Find every line in the listing below that includes the word "with", then give only how many there are.

_EXTRACTED MATERIAL:_
▼
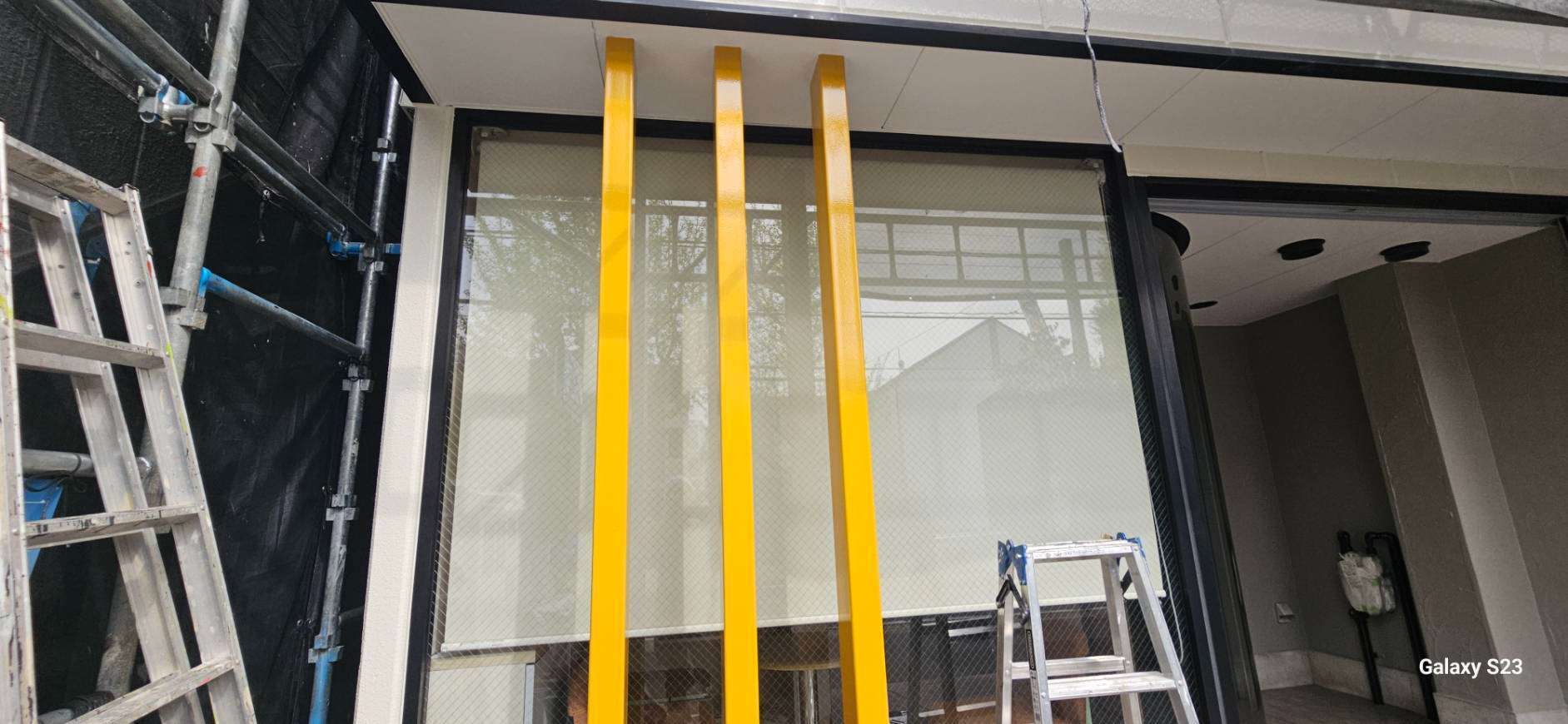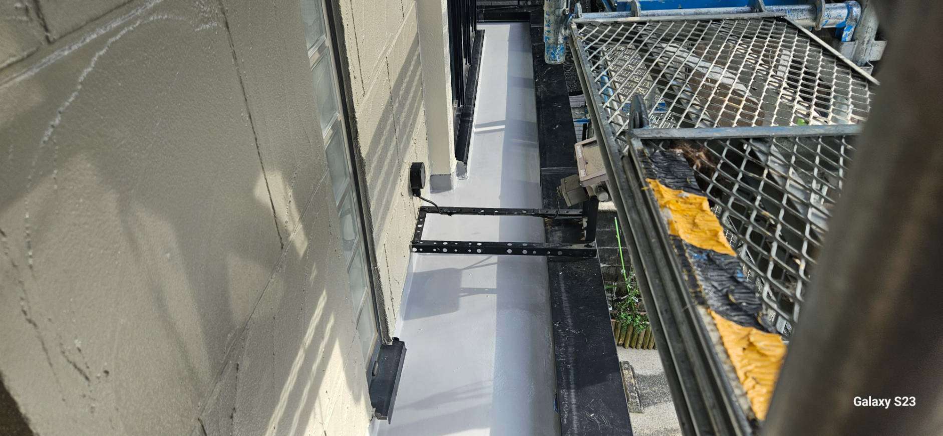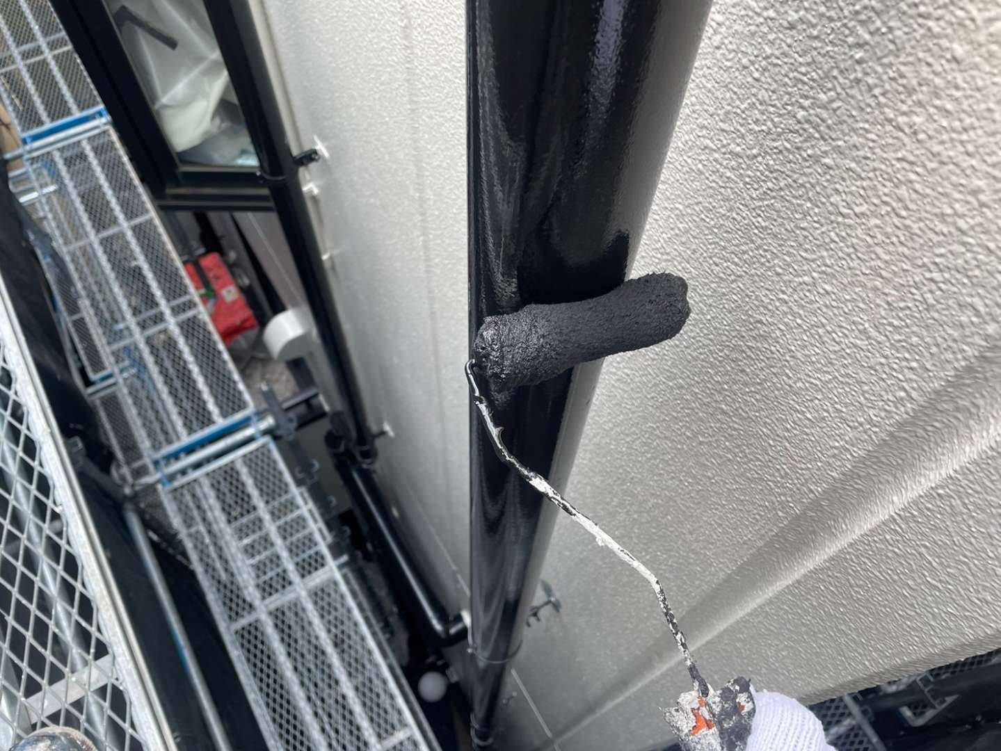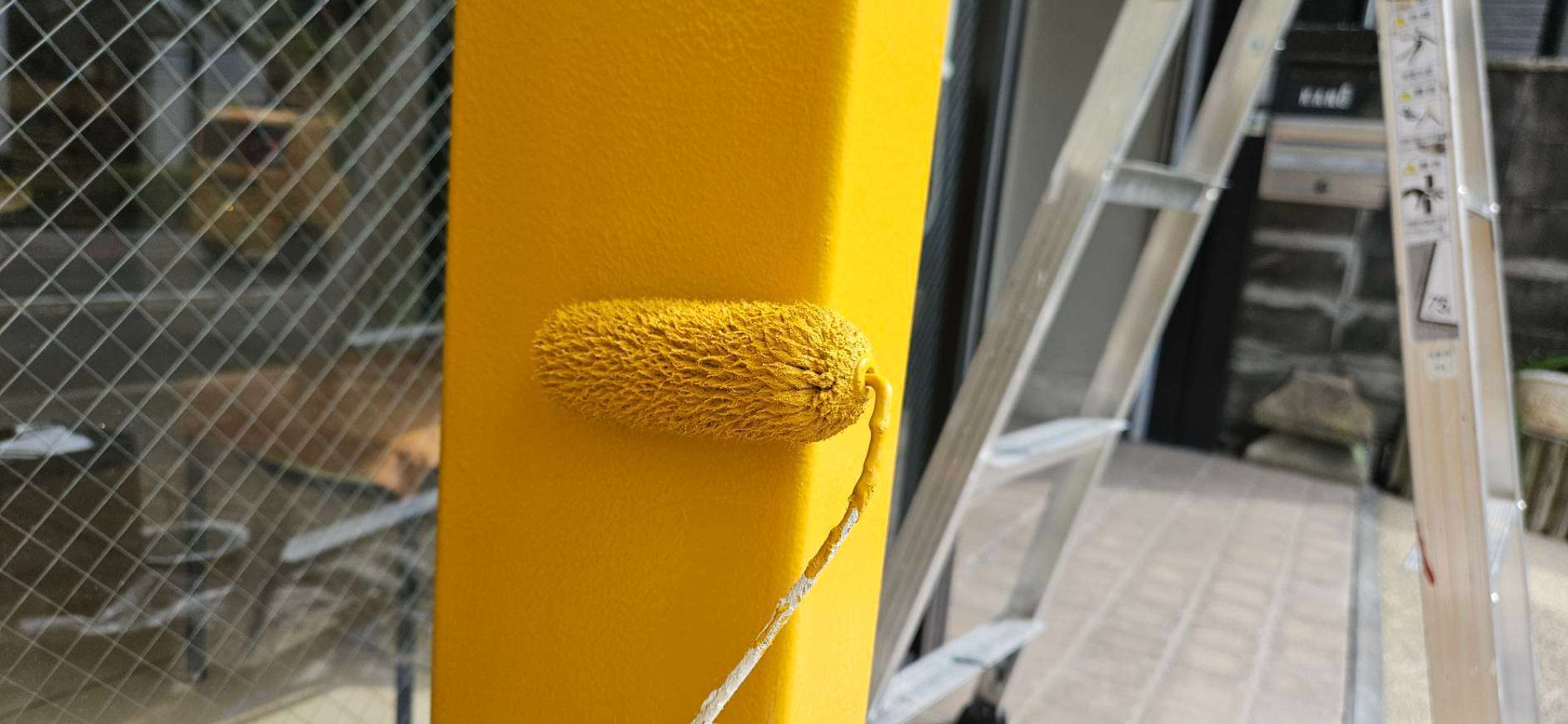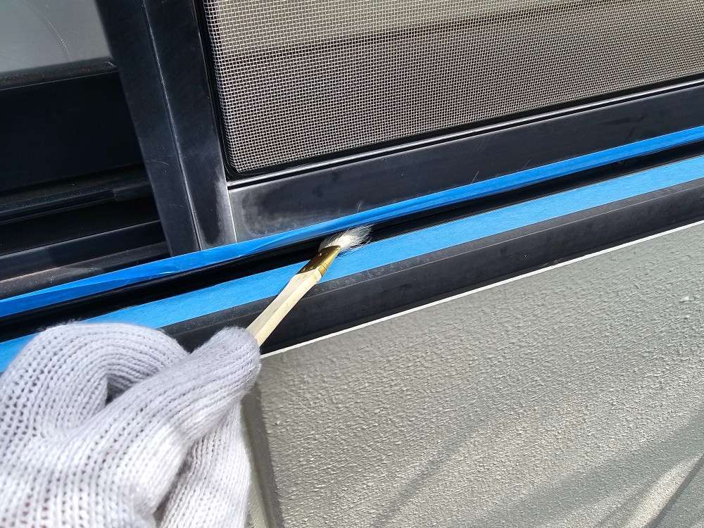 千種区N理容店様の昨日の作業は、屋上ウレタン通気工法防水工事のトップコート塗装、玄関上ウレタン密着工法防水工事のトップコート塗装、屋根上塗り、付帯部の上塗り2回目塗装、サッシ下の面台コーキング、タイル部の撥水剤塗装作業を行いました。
▲
▼
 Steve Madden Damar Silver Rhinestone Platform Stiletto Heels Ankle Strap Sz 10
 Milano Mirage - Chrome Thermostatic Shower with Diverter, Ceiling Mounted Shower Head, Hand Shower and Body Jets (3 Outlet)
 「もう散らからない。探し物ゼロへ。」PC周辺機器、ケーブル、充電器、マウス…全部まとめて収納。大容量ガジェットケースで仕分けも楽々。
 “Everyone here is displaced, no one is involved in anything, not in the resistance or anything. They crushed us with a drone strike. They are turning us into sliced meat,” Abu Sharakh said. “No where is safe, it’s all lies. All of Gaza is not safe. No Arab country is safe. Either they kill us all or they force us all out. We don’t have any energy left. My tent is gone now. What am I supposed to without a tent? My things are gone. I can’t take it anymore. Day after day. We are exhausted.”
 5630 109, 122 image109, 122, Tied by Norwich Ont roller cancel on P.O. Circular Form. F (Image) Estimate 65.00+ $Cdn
▲
_YOUR SOLUTION:_
2